Page MenuHomePhabricator

(GSoC 2024) Scribe-Data: Refactor into a multi purpose Wikidata language pack CLI tool
Open, Needs TriagePublic



This is one of two projects for Google Summer of Code 2024 for the Scribe organization that makes keyboard applications for second language learners using Wikidata and other Wikimedia projects as a basis for the data. The goal of Scribe is to provide everything that a user needs to help them with their second language in any app without them needing to leave their keyboard to look up grammar or other needed information. One focuses on Scribe-iOS (T358063), and the other on Scribe-Data (T358064).

We are a Wikimedia Project for New Developers and would love to work with you!

Project Goals

  • Scribe-Data is our Wikidata lexemes data process that gets the data for the other applications that the Scribe team makes
  • As of now the process is specific to Scribe applications
  • We want to turn this into a general service that anyone can use to easily get language data from Wikidata
    • For example: all German verbs in various formats, all French nouns...
    • Etc for all languages and word types...
  • The main task is devising how best to achieve this and make changes so that the project can have a more broad usability to the greater Wikimedia/open-source community
  • Once that's done, more Wikidata query and formatting processes will be written to expand the reach of the service to non-Scribe languages
  • There's also the potential to work on deploying the service via Docker as well as developing the test suite for Scribe-Data
  • This new version of the data process will be used to make API calls later on via our in development Scribe-Server, with the student being welcome to work with us on this after GSoC

Project Specifics



All issues related to this project will be tracked on GitHub. Please join our community Matrix spaces to chat with the team and learn more about Scribe! Specifically we have a room for GSoC and another for data processes. During the program your mentors will be happy to communicate with you on GitHub or via Matrix. You'll also be invited to the Scribe bi-weekly developer calls where you'll have time to present your progress and work with the team on any problems. Calls and checkins outside of the syncs can also happen if needed :)

Event Timeline

Hi @AndrewTavis It sounds like a great project and is perfect for GSoC!

I have added this project to our GSOC 2024 Media Wiki page:

Kindly share your project via Wikitech by replying to this thread:

If this is your first time mentoring via GSoC, I recommend reviewing this guide for mentors: Additionally, I'll add you to our Zulip chat where you can connect with fellow mentors for ongoing support and collaboration.

Hi, Can I comment here?

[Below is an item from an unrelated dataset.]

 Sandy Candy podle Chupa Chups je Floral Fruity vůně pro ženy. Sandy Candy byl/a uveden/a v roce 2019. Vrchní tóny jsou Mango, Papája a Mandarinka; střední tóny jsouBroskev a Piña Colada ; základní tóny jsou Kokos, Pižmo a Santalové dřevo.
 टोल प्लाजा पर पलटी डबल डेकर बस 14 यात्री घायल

I'm a beginner in Gsoc and I am very interested in this project. Now I am working on a good-first-issue on the Scribe-Data repository. After finishing it, Can I work on the proposal and can you guide me? Thanks! @AndrewTavis

Hi @Linfye 👋 Thanks for writing and your interest in working with us on Scribe-Data. Great to have you on Matrix as well. Feel free to write there, GitHub or here in this Phabricator task as needed :)

Happy to support you with working on the issue you picked out. That would be the appropriate one to start with! Kindly write back in the GitHub issue with a bit more information about your background, and then from there we can know better how to support. Specifically you're looking at a Python issue, so let us know what your experience is, and as it's machine translation let us know what you've done that might be similar. If you haven't had any experiences with all this, no stress - happy to write out some pseudocode to help!

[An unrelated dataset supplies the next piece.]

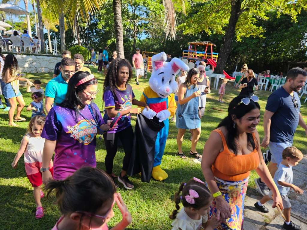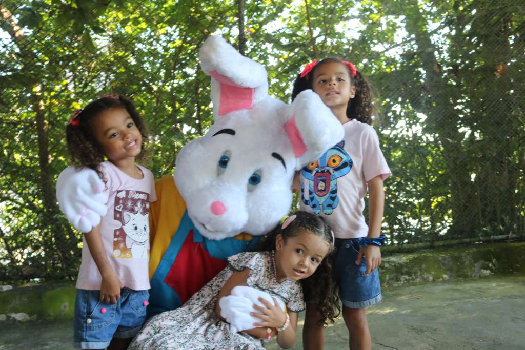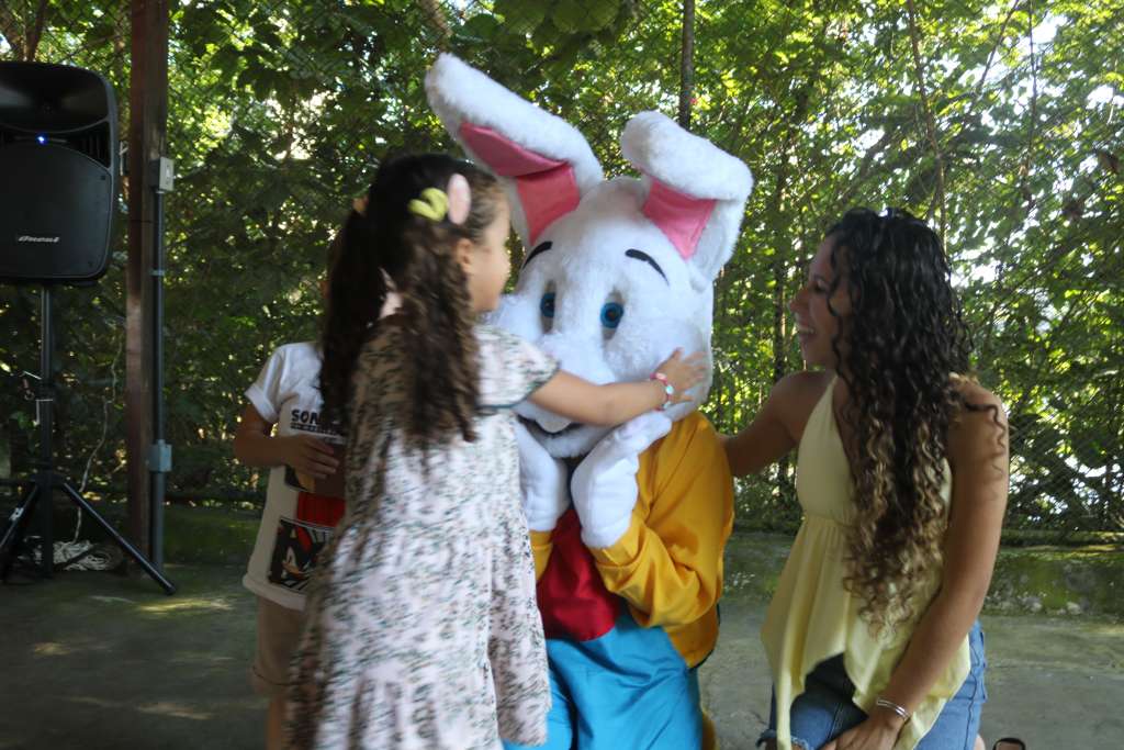 O “popstar” do evento não poderia ser outro: o Coelhão da Páscoa! Esbanjando carisma, ele não parou um segundo. Distribuiu abraços, posou para centenas de fotos, arriscou passinhos de dança e brincou com todo mundo.

Beyond this, happy to support on the proposal! Let's get one or two Scribe-Data issues done so the team and I have a better understanding of your skills, and then we can schedule some time to work on the proposal together 😊

Kindly share your project via Wikitech by replying to this thread:

Hi @Maryann-Onyinye 👋 I included both projects in one email to the thread mentioned above :) Thanks so much!

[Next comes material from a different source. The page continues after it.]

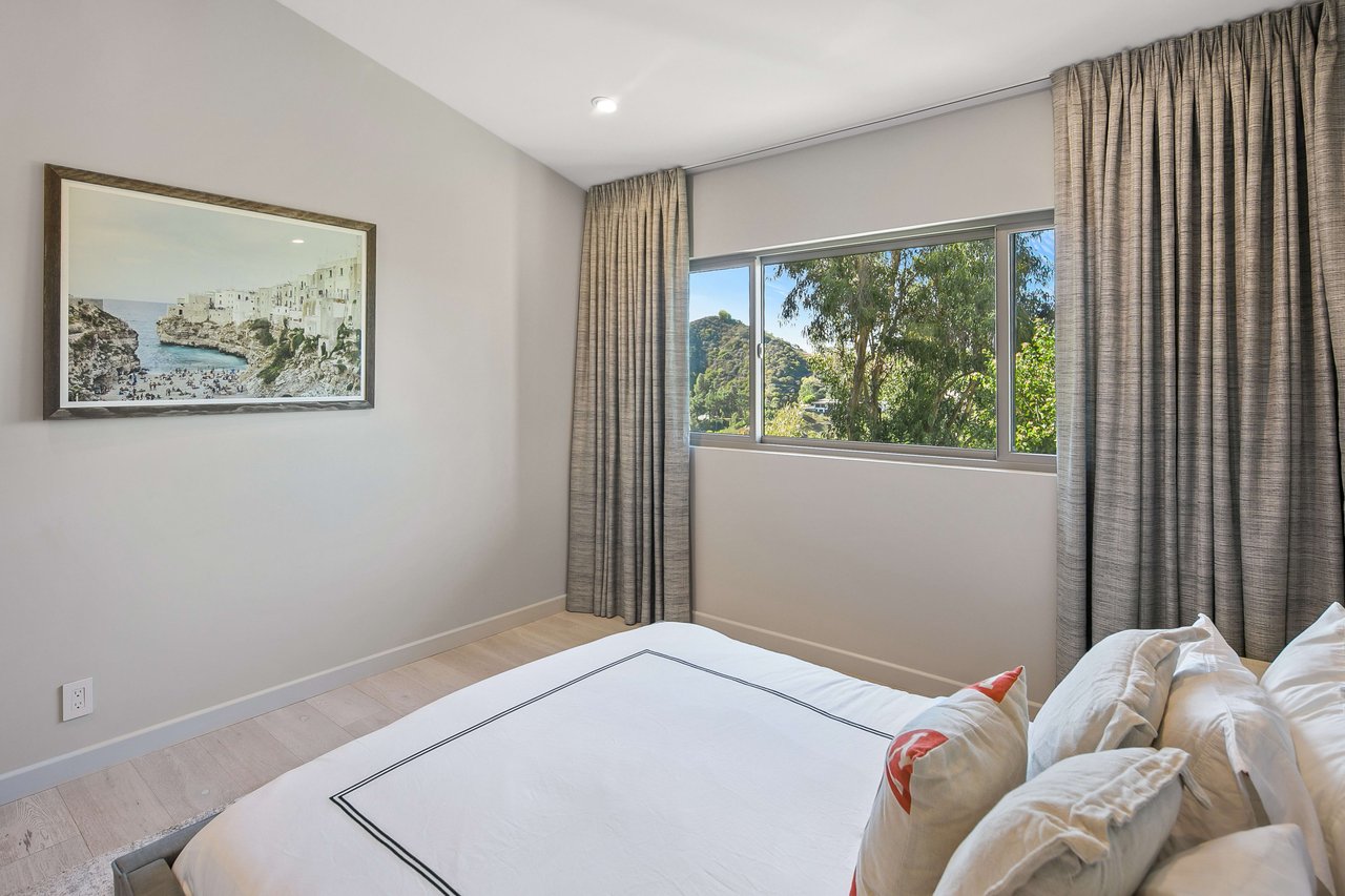 This newly renovated 3 Bedroom, 2.5 Bathroom Hideaway features a dual level floorplan with formal living and three bedrooms on the upper-level that soak in the warm natural light and soaring tree top views of Franklin Canyon.

Hi @AndrewTavis, I am a beginner in GSOC and I am interested in this project. I added information about my background to the good-first issue I'm looking to work on in the Scribe-data repository.

Hi @AndrewTavis , I am a python and django developer , this is my current stack in the company I intern at and I am very familiar with python programming , would love to learn more about wikidata while working on this task.

Great to have so much interest in the project, and welcome to all! Please find a good first issue, which for a lot of people are the machine translation issues. We can work on these a bit later once one version of it has been completed so that everyone is producing something consistent :)

Please reach out here or on Matrix via the links in the task description if you need help! 😊

Hi @AndrewTavis

It's my first time participating GSOC, I mostly work with Python and JavaScript and I would love to work, learn and collaborate on this project for Scribe-Data.

As you mentioned above I am looking into Scribe-data's github repo for any issues I could work on! 🥰

P.S. I wanted to ask how do i join wikimedia for this year's GSOC and what are the best practices I could do that would maximise my chances of getting selected in by wikimedia for this year's GSOC

with love,
Hasan :)

Hey @HasanCoder 👋

Let us know in the issue when you find one you want to work on!

Big thing for GSoC is that you should check other projects from Wikimedia and apply to those as well. You can do multiple GSoC applications, which increases your chances of being accepted :) All the Wikimedia projects are subtasks of T354734: Coordinate Wikimedia's participation in Google Summer of Code 2024 and Outreachy Round 28, so that would be a good place to start.